• [What to work on]: Look below for the line with "টুইটার এবং অন্যান্য" and the line with "Technical Specification 5.6.80apsPalo". Copy exactly those two lines and every line between, but not the pictures.

• [Information supplied]:
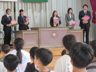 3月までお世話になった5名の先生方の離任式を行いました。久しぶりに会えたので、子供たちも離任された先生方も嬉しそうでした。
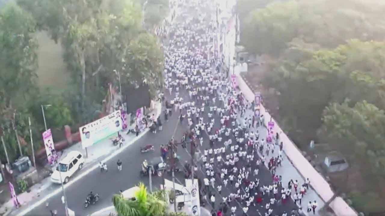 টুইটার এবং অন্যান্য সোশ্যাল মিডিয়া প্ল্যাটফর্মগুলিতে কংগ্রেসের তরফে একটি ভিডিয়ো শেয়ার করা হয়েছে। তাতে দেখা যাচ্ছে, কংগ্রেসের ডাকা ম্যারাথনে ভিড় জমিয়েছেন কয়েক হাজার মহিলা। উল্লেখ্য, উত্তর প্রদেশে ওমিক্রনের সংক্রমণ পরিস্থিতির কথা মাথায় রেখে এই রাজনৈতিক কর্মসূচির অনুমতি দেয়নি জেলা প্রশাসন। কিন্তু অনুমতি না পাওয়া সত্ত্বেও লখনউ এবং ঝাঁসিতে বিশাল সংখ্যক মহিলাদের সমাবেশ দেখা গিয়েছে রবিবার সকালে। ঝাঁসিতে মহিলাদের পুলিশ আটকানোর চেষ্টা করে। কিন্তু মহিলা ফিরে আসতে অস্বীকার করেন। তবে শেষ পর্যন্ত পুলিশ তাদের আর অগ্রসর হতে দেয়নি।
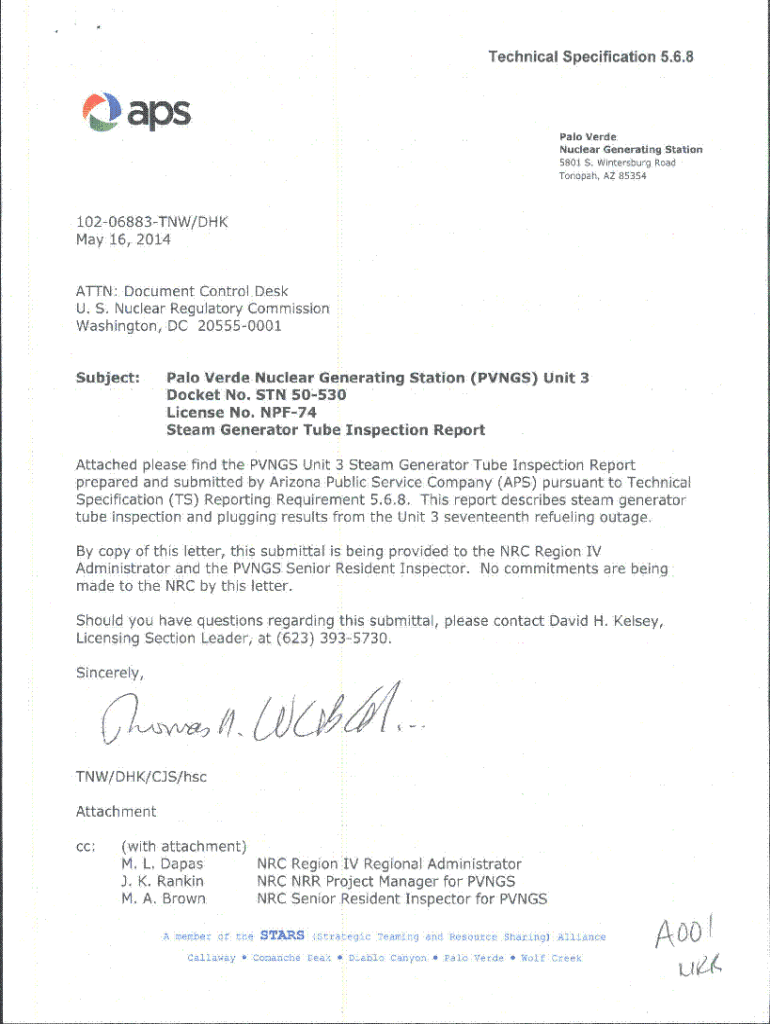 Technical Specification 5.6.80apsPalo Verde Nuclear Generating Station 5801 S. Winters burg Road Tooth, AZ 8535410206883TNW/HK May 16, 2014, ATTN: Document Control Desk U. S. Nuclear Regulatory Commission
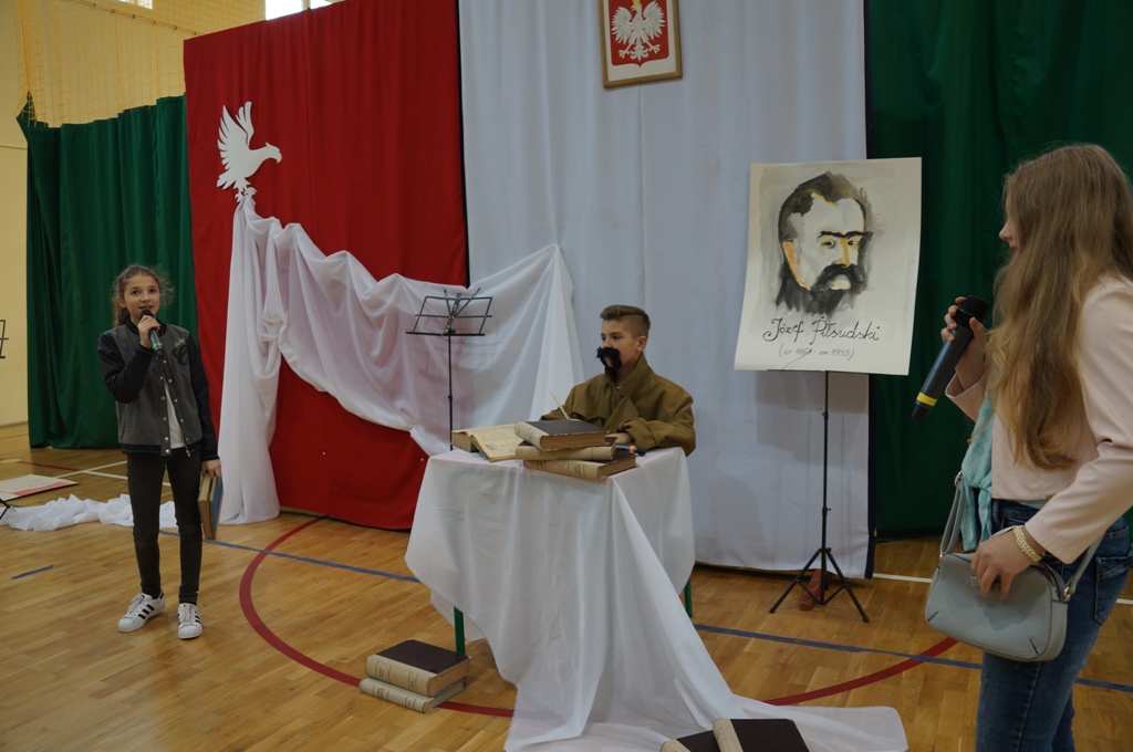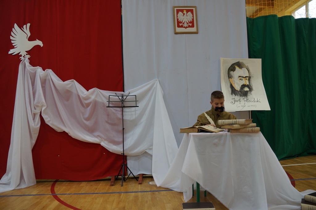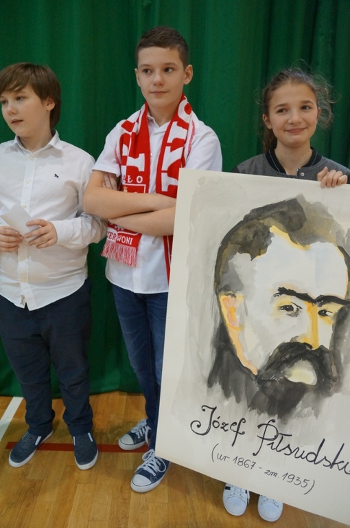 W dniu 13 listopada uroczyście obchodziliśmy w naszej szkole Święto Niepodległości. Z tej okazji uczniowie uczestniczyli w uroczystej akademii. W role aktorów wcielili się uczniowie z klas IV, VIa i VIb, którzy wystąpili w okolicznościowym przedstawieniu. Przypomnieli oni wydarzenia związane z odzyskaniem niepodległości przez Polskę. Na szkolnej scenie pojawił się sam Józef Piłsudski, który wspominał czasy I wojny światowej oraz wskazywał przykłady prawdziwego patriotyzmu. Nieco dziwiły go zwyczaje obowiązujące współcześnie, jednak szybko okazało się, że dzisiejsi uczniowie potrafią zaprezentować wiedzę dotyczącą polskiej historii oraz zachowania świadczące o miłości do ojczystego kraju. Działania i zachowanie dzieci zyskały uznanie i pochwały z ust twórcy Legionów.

• [Finished exercise]:
 টুইটার এবং অন্যান্য সোশ্যাল মিডিয়া প্ল্যাটফর্মগুলিতে কংগ্রেসের তরফে একটি ভিডিয়ো শেয়ার করা হয়েছে। তাতে দেখা যাচ্ছে, কংগ্রেসের ডাকা ম্যারাথনে ভিড় জমিয়েছেন কয়েক হাজার মহিলা। উল্লেখ্য, উত্তর প্রদেশে ওমিক্রনের সংক্রমণ পরিস্থিতির কথা মাথায় রেখে এই রাজনৈতিক কর্মসূচির অনুমতি দেয়নি জেলা প্রশাসন। কিন্তু অনুমতি না পাওয়া সত্ত্বেও লখনউ এবং ঝাঁসিতে বিশাল সংখ্যক মহিলাদের সমাবেশ দেখা গিয়েছে রবিবার সকালে। ঝাঁসিতে মহিলাদের পুলিশ আটকানোর চেষ্টা করে। কিন্তু মহিলা ফিরে আসতে অস্বীকার করেন। তবে শেষ পর্যন্ত পুলিশ তাদের আর অগ্রসর হতে দেয়নি।
 Technical Specification 5.6.80apsPalo Verde Nuclear Generating Station 5801 S. Winters burg Road Tooth, AZ 8535410206883TNW/HK May 16, 2014, ATTN: Document Control Desk U. S. Nuclear Regulatory Commission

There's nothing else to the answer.